EXERCISE GOAL >>
The answer must consist only of the lines from the line with "A view from" to the line with "and extremely accurate", both included, exactly as they stand below.
------ PROVIDED MATERIAL ------
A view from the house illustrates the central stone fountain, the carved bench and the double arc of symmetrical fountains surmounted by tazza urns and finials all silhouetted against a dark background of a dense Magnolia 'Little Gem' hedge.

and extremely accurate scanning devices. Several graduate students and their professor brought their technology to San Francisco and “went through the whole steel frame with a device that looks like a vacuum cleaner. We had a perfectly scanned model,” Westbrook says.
------
------ PROVIDED MATERIAL ------
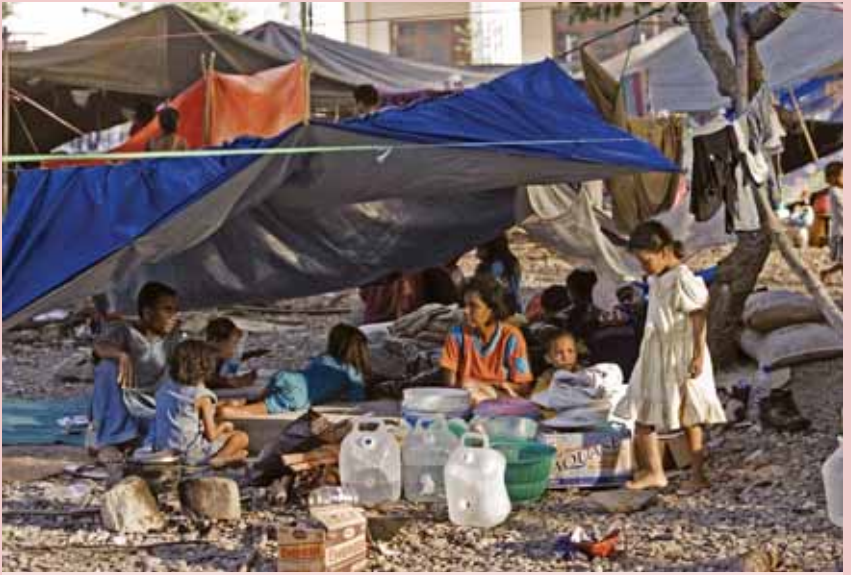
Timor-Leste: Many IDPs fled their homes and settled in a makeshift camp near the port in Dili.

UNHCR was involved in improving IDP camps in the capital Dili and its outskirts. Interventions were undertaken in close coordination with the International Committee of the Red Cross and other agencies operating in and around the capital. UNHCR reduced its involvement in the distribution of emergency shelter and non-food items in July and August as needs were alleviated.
------
------ PROVIDED MATERIAL ------
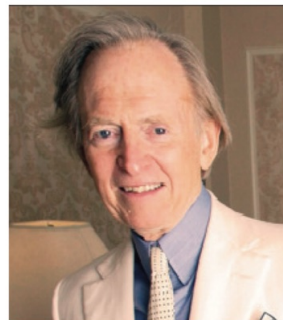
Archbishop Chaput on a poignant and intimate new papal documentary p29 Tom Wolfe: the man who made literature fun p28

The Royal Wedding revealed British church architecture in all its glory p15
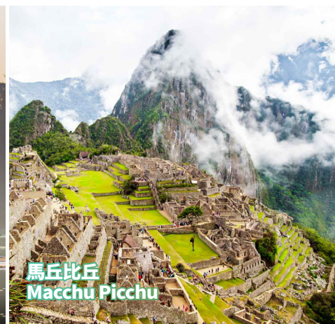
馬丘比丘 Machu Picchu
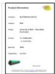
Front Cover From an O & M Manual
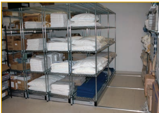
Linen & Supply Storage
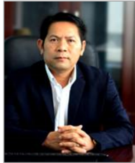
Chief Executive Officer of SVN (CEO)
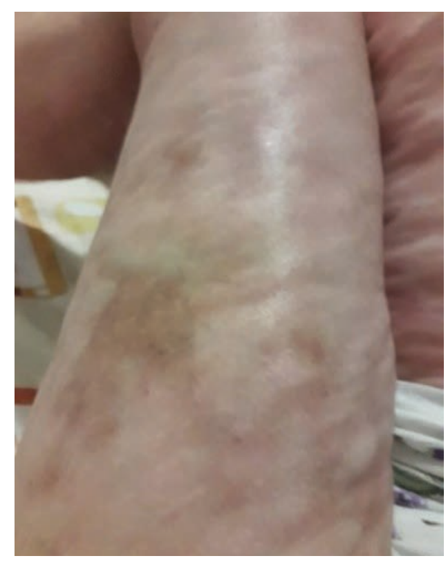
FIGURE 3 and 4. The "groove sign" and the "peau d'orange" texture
------
ANSWER SECTION >>
A view from the house illustrates the central stone fountain, the carved bench and the double arc of symmetrical fountains surmounted by tazza urns and finials all silhouetted against a dark background of a dense Magnolia 'Little Gem' hedge.

and extremely accurate scanning devices. Several graduate students and their professor brought their technology to San Francisco and “went through the whole steel frame with a device that looks like a vacuum cleaner. We had a perfectly scanned model,” Westbrook says.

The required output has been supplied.